I could have called his home in Marshfield to ask about it, but since I was planning to go see them anyway, I didn’t call. Then I kept putting off going to see them. I was still young and immature, I’ll admit. I didn’t know what to say to them. Thought I had to make something up. I didn’t know that all I had to do was be honest.

I put Casey’s computer in a shoebox of my treasured things. I put in my six months at Key West and left the Air Force. I found a good job, the perfect girl, we bought a house and filled it with kids.

I had a life, in other words. Casey’s flight computer would not leave the shoebox again, not for many decades, because I never flew again. It was expensive. I could afford it while the taxpayers provided my food, shelter, medical, travel and such. When I became responsible for those things myself, however, recreational flying was first on the list of things I could do without.

I’d think of Casey. I’d wonder again why he left me his computer, and how he really died.

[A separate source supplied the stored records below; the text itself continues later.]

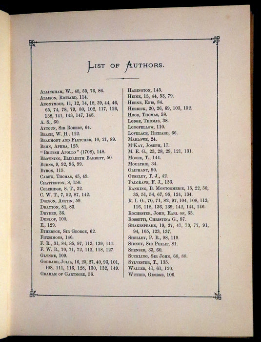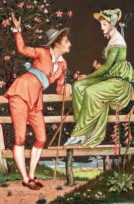 Illustrations: Lavishly illustrated with 7 full-page chromolithographs plus additional chromolithographed frontispiece and title-page by Walter Crane and Kate Greenaway. The illustrations are vibrant and perfectly capture the romantic and poetic essence of the era. Each page is embellished with decorative borders and initial letters.
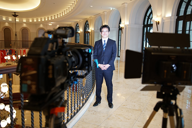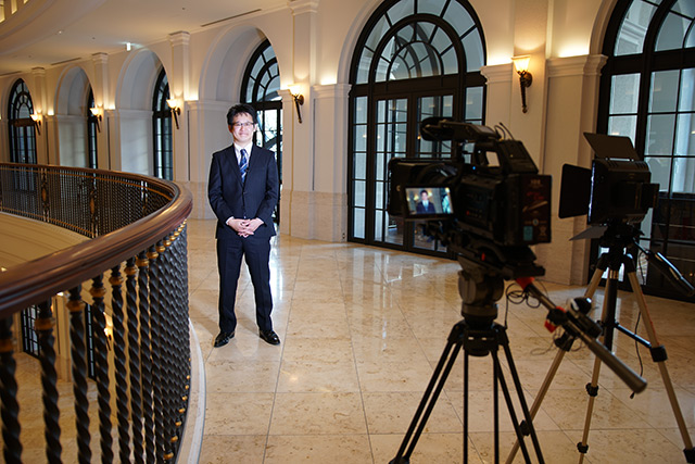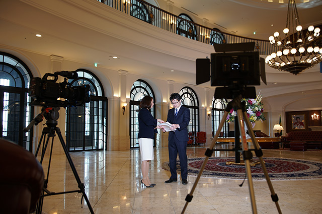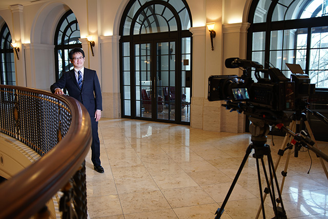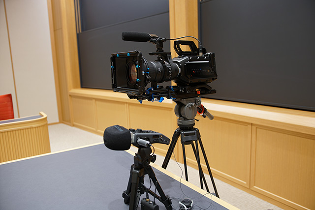 撮影後にブラックマジック社の機材で構成されたNUCB Business Schoolホールの映像システムを理事長にご案内頂きました。
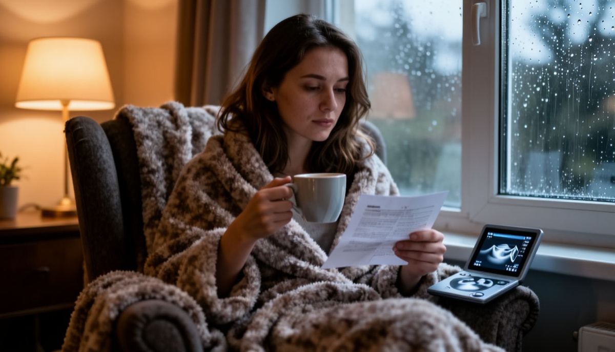 Алёна сидела у окна, в пледе, с чашкой в руках. Чай давно остыл. Она не пила. Просто держала, чтобы чувствовать тепло. В кармане её халата лежал маленький лист бумаги — ультразвуковое исследование. Первый снимок. На нём — тёмное пятно с едва уловимым контуром. Почти ничего. Но для неё — всё.
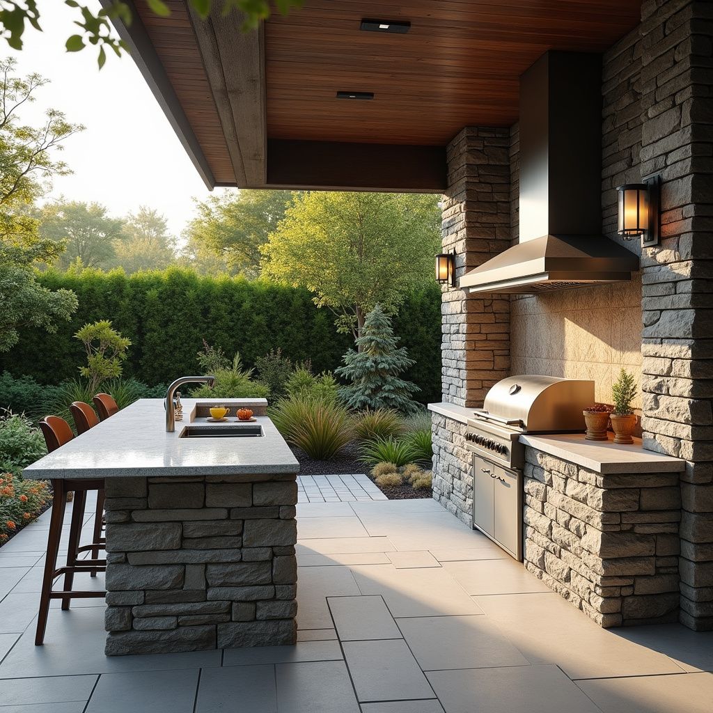 Custom stone features like outdoor kitchens and garden edging add functional luxury to your outdoor spaces. We ensure precision fitting and seamless integration with your landscape.

I supposed his family knew. The Army had to have told his family. All I had to do, all those years I lived my life, was pick up the phone. I just didn’t feel like I had the right any more. I felt guilty, lacking, because I didn’t stop by to see them when I got home from Alaska. Calling them after that, just to ease my mind about how Casey died, wasn’t right. It was a small enough penance to pay for what I had failed to do, so I paid, and life went on. Mine, that is.